## TO DO
The material below is to be copied exactly from the line with "ケシの中でもさらに細かい砂ケ" up to and including the line with "Как и в предыдущем", with nothing else kept and no pictures.
── DATA EXTRACTS
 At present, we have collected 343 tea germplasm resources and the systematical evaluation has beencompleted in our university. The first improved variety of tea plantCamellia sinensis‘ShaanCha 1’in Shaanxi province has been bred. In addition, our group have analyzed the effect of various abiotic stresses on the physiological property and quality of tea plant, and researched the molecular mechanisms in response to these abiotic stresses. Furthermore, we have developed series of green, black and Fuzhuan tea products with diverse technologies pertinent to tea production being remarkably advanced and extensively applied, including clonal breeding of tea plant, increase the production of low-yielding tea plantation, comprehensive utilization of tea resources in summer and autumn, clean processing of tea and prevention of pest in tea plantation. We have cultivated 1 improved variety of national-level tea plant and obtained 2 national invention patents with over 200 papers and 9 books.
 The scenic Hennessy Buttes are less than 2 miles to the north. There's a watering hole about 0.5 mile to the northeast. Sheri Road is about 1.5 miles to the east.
────
── DATA EXTRACTS
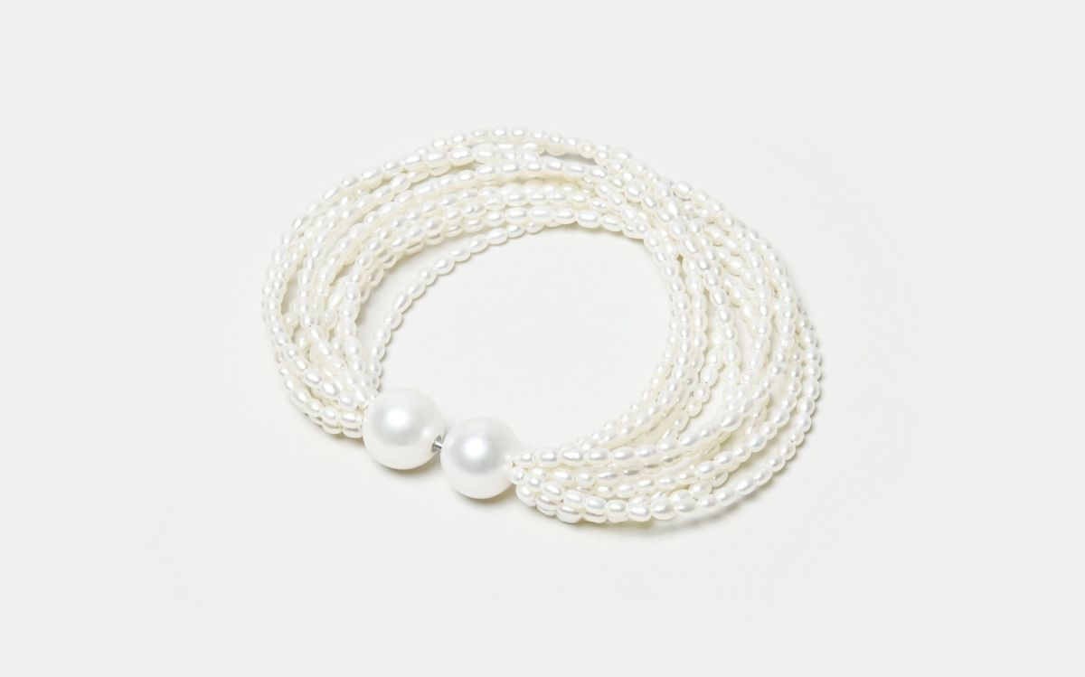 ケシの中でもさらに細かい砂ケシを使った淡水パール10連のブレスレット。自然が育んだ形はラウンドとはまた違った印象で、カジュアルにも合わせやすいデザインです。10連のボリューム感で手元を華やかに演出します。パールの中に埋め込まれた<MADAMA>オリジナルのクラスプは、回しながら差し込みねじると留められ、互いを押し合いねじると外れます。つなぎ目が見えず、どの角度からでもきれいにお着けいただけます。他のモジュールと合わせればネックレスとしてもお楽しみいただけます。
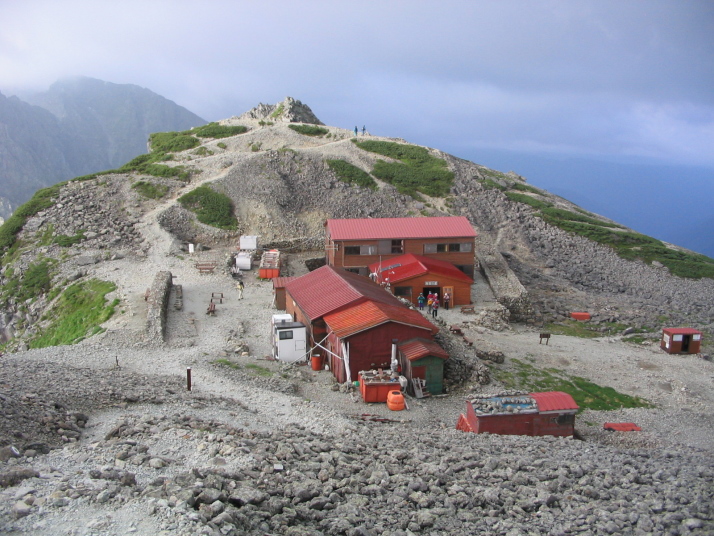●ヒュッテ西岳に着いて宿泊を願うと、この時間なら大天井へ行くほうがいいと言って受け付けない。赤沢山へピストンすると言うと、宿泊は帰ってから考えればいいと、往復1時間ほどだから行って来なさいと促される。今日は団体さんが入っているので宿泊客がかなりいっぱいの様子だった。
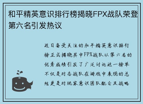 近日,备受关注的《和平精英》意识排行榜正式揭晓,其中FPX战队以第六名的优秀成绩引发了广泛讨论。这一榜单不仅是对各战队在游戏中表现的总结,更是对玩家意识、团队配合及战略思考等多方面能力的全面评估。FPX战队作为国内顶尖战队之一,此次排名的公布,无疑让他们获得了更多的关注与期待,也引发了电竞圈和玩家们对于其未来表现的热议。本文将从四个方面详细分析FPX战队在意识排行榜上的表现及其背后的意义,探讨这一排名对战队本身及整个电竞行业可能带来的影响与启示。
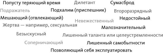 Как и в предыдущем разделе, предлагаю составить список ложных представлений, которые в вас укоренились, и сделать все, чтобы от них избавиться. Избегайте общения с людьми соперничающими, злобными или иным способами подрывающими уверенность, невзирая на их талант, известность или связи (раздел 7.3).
────
## SOLUTION FOR THIS PROBLEM
 ケシの中でもさらに細かい砂ケシを使った淡水パール10連のブレスレット。自然が育んだ形はラウンドとはまた違った印象で、カジュアルにも合わせやすいデザインです。10連のボリューム感で手元を華やかに演出します。パールの中に埋め込まれた<MADAMA>オリジナルのクラスプは、回しながら差し込みねじると留められ、互いを押し合いねじると外れます。つなぎ目が見えず、どの角度からでもきれいにお着けいただけます。他のモジュールと合わせればネックレスとしてもお楽しみいただけます。
●ヒュッテ西岳に着いて宿泊を願うと、この時間なら大天井へ行くほうがいいと言って受け付けない。赤沢山へピストンすると言うと、宿泊は帰ってから考えればいいと、往復1時間ほどだから行って来なさいと促される。今日は団体さんが入っているので宿泊客がかなりいっぱいの様子だった。
 近日,备受关注的《和平精英》意识排行榜正式揭晓,其中FPX战队以第六名的优秀成绩引发了广泛讨论。这一榜单不仅是对各战队在游戏中表现的总结,更是对玩家意识、团队配合及战略思考等多方面能力的全面评估。FPX战队作为国内顶尖战队之一,此次排名的公布,无疑让他们获得了更多的关注与期待,也引发了电竞圈和玩家们对于其未来表现的热议。本文将从四个方面详细分析FPX战队在意识排行榜上的表现及其背后的意义,探讨这一排名对战队本身及整个电竞行业可能带来的影响与启示。
 Как и в предыдущем разделе, предлагаю составить список ложных представлений, которые в вас укоренились, и сделать все, чтобы от них избавиться. Избегайте общения с людьми соперничающими, злобными или иным способами подрывающими уверенность, невзирая на их талант, известность или связи (раздел 7.3).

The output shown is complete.